Творцы выстраивают многоэтажки, пространство чувств – пытаясь затронуть зрение, слух, осязание, обоняние, вкус читателя, то есть наиболее голодное его чувство – с помощью красок, глины и слов. Город-текст. Сенсоры считывают буквы на раз. И каждое прикосновение к нему – это экранизация текста в пятимерном пространстве чувств. Достаточно слегка прикоснуться к тексту, и вы уже внутри. Сама композиция старого города выстроена таким образом, что вы здесь – главный герой, пусть даже не в самом центре, но всегда на линии золотого сечения. Такой эффект создается за счет того, что каждая улица, каждый переулок, каждое здание – это своя сюжетная линия, которые сходятся в той самой золотой точке, где находитесь вы, в том случае, если вашему пространству хватит воображения раздвинуть сознательные рамки, сдвинуться к бессознательному, интуитивному.

Часто схваченные здесь на лету диалоги пленяют нас в какой-то мир только для двоих людей. Они неестественны, как и сам город. Но лишь потому, что в обычной жизни мы вообще делаем так мало необычного, что она превращается в рутину. И такие диалоги неожиданно вырывают нас из нее. «Вот так хотелось бы жить, так общаться». Дать волю легкомыслию нелегко. Мы только хотим быть похожими на кого-то, на тех или иных героев. И все. Мы только хотим. Мы в плену совсем не тех героев, кто создан по образу и подобию, а скорее наоборот – наделенных неким волшебством, сверхвозможностью, чудом. Мы в плену чудотворцев. Это можно назвать режимом. Зная, что чудес не бывает, мы все время находимся в режиме в ожидании чуда.

* * *

– Привет, Муха, – подбежал я по привычке сзади.

– Здравствуй, Шарик. Да хватит тебе уже принюхиваться, опять небритый, соскучился, что ли? – скромно пыталась развернуться Муха.

– Да, всю ночь о тебе думал, смотрел на звезды и представлял, как ты там будешь в космосе в темноте без пищи, – глядел я в ее большие томные глаза.

– Я же всего на три витка, если еще полечу, – закатила она глаза.

– Как кастинг-то прошел, кстати?

– Да вроде ничего прошел, правда, пришлось переспать с главным. Космос требует жертв.

– Ни стыда, ни совести, – улыбнулся я белыми зубами.

– А зачем брать лишнее на орбиту. Бессовестно, но быстро: пять минут без совести за три часа в космосе, – закатила Муха глаза еще дальше.

– Недорого, – почесал я ногой за ухом. – Теперь тебе все время с ним спать придется? – стал я рисовать на земле замысловатые цветочки.

– Не знаю, сказали, что подготовка к полету займет три месяца – испытательный срок. Но самое главное, что у меня теперь будет новое имя, свой позывной – Белка!

– Почему Белка? – затер я свои творения.

– Потому что на букву Б… – побледнела Муха.

– Ты что, одна полетишь? – залег я на теплую землю.
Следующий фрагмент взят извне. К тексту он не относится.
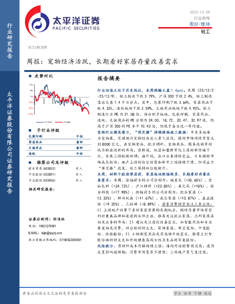 太平洋证券:轻工行业周报:宠物经济活跃,长期看好家居存量改善需求.pdf
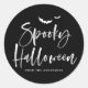 Black and White Spooky Halloween Brush Lettering Classic Round Sticker
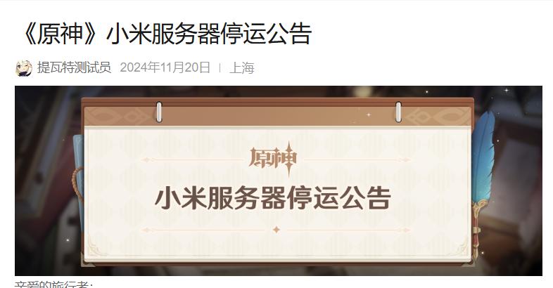 《原神》小米渠道服务发布公告:11月20日关闭充值入口和新用户注册功能,明年1月20日停止使用米服的玩家可以将数据转移到官方服务。渠道服务关闭无非是收入无法满足双方的需求,这也被外界视为“原神要凉了”的信号。
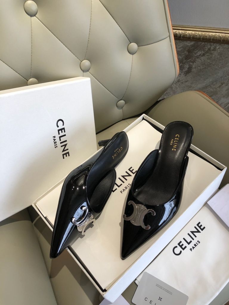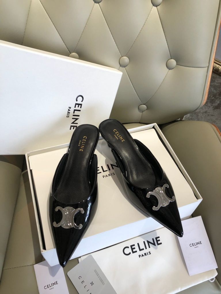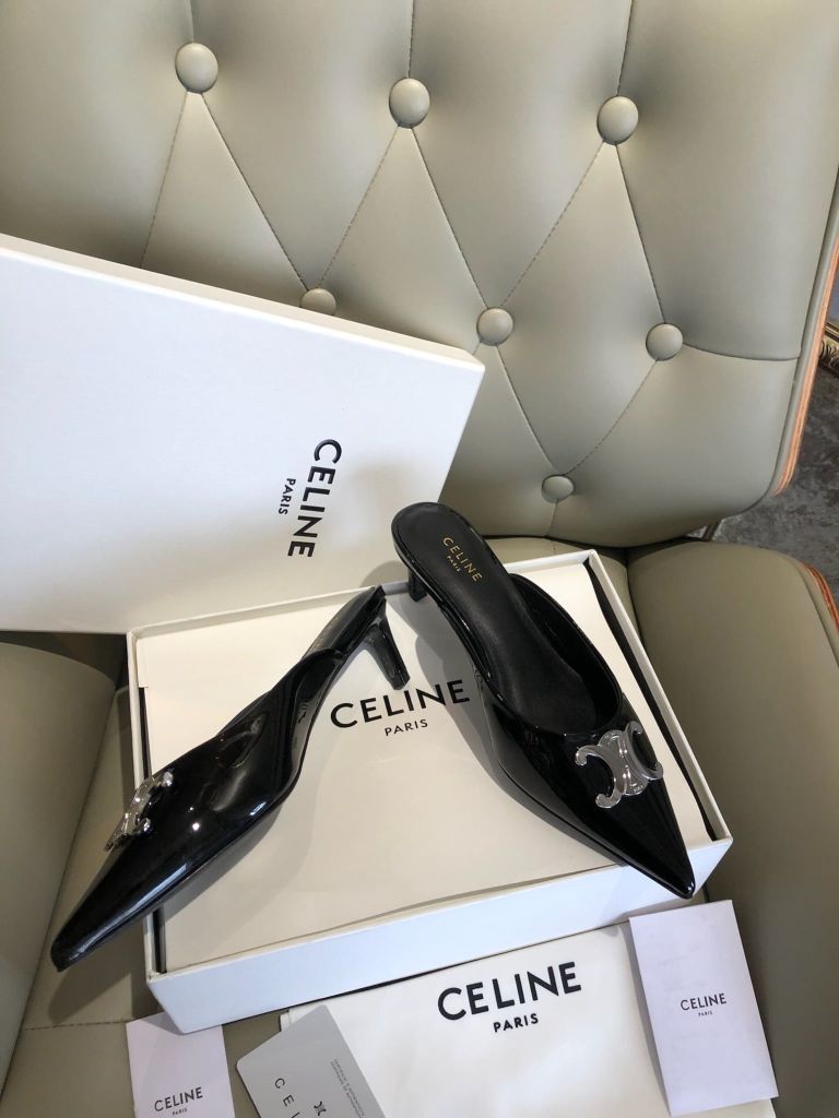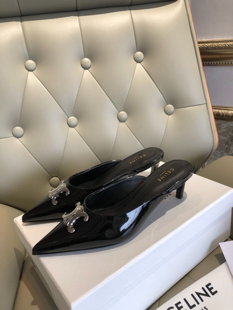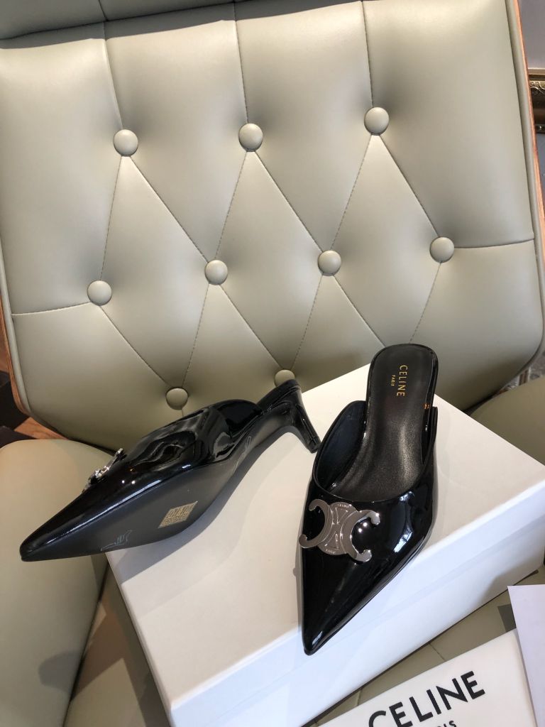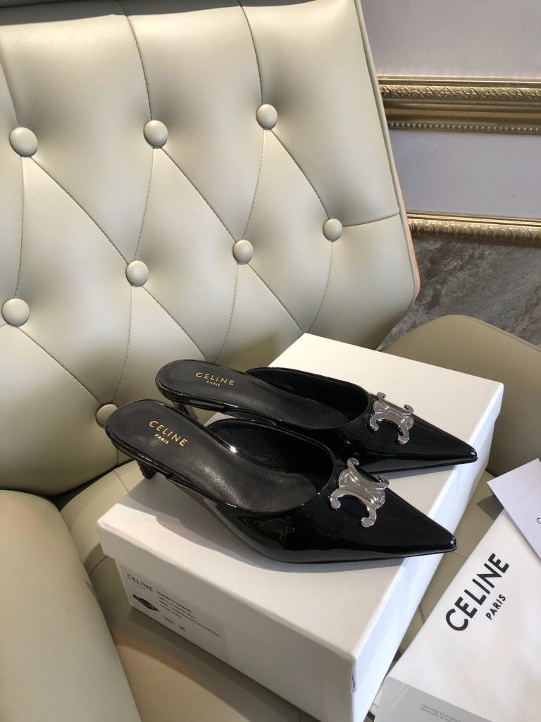 GIÀY SỤC CELIN GÓT 4,5cm MŨI NHỌN DA ĐEN CỔ ĐIỂN 1600k (HÀNG ORDER QUỐC TẾ)
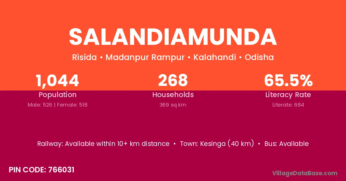 Kesinga (40 km) is the nearest town to Salandiamunda village for major economic activities and is located approximately 40 km away.
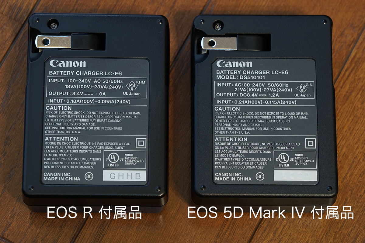 EOS R:LC-E6充電器の仕様変更 EOS 2018.12.152024.08.04 EOS Rの充電器LC-E6が、5D Mark IVのものと仕様が異なっていることに気がつきました。 どうも調べてみると、6D Mark II(2017年)付属品から仕様変更されていたようです。省エネ化しているようですが同時に出力もダウン、でも公称の充電時間は変わらないようです。
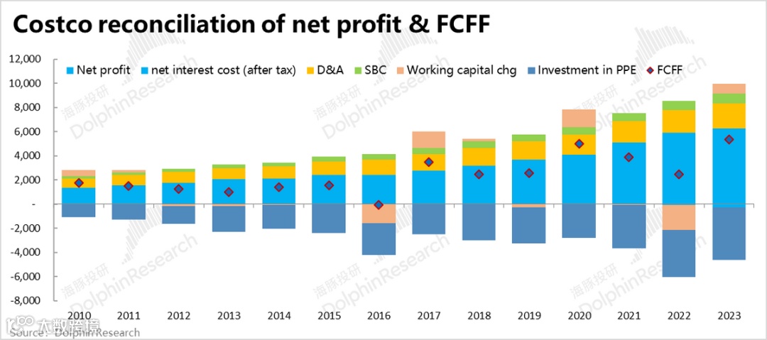 从下图2010~2024财年的Costco的现金流可见,Costco的自由现金流并没有明显且稳定的高于财务净利润,相反大多数年份Costco的自由现金流反而是的低于财务净利润的。几个影响现金流的关键项目上,Costco历年的摊销和折旧普遍低于固定资产投资,反映了Costco自建物业重资产模式下持续的capex投入需求。而运营资金变动也并没贡献持续的现金流入,说明Costco同样没有持续从供应链或消费者占款的情况。换言之,Costco并不属于现金流的角度估值明显更便宜的情况。

– Нет, с одной сучкой, со Стрелкой.

– Потому что на букву С? – положил я морду на вытянутые вперед лапы, и она растеклась по ним.

– Терниста дорога к звездам, – легла Муха рядом, впившись своим провинившимся взглядом в мои глазные яблоки. Откусила.

– Оно того стоит? – закрыл я глаза, будто был сторожем этого яблочного сада.

– Не знаю. Сына надо поднять на лапы. Он же у меня единственный и такой непутевый, – поймала языком Муха сползающую по морде слезу.

– Дети, как им хорошо без нас, как нам плохо без них, – вспомнил я свое щенячье детство и родительскую конуру.

– Ты-то своего видишь часто? – лизнула меня она.

– Раз в неделю, – услышал я запах домашнего супа в ее языке.

– Алименты платишь? – не переставала она лизать мою гордость.

– Ежемесячно, двадцать пять процентов костей, – начал я возбуждаться от такого обилия женской неги.

– Ты все в кости играешь, а ребенку мясо нужно, – резко прекратила она ласкать мою морду.

– Да где же я его возьму, мясо-то? Работу ищу, перебиваюсь пока старыми заначками.

– А как же заграница? – поднялась с земли и отряхнулась Муха.

– Ну ты же понимаешь, что все это одна болтовня, для красного словца, кому я там нужен, за границей, там своих псов хватает, – со злостью на себя закусил я блоху, которая ползла по моей лапе. А может, и не было никакой блохи, просто злость.

– Чем сегодня займемся? – попыталась она отвлечь от тяжелых дум Шарика.

– Может, кино посмотрим?

– Может, лучше друг на друга?

– А других нет вариантов?

– Никто меня не любит, никому я не нужна, – заскулила Муха.

– Так радуйся: никто не обидит, не бросит ради другой, не изменит, не выгонит, не поцелует жадно в самое сердце, чтобы затем плюнуть в душу. Ты в безопасности, – прикусил Шарик любя ее холку.

– К черту опасность! Знал бы ты, как ее порой не хватает, – виляя хвостом, оценила она его маневр.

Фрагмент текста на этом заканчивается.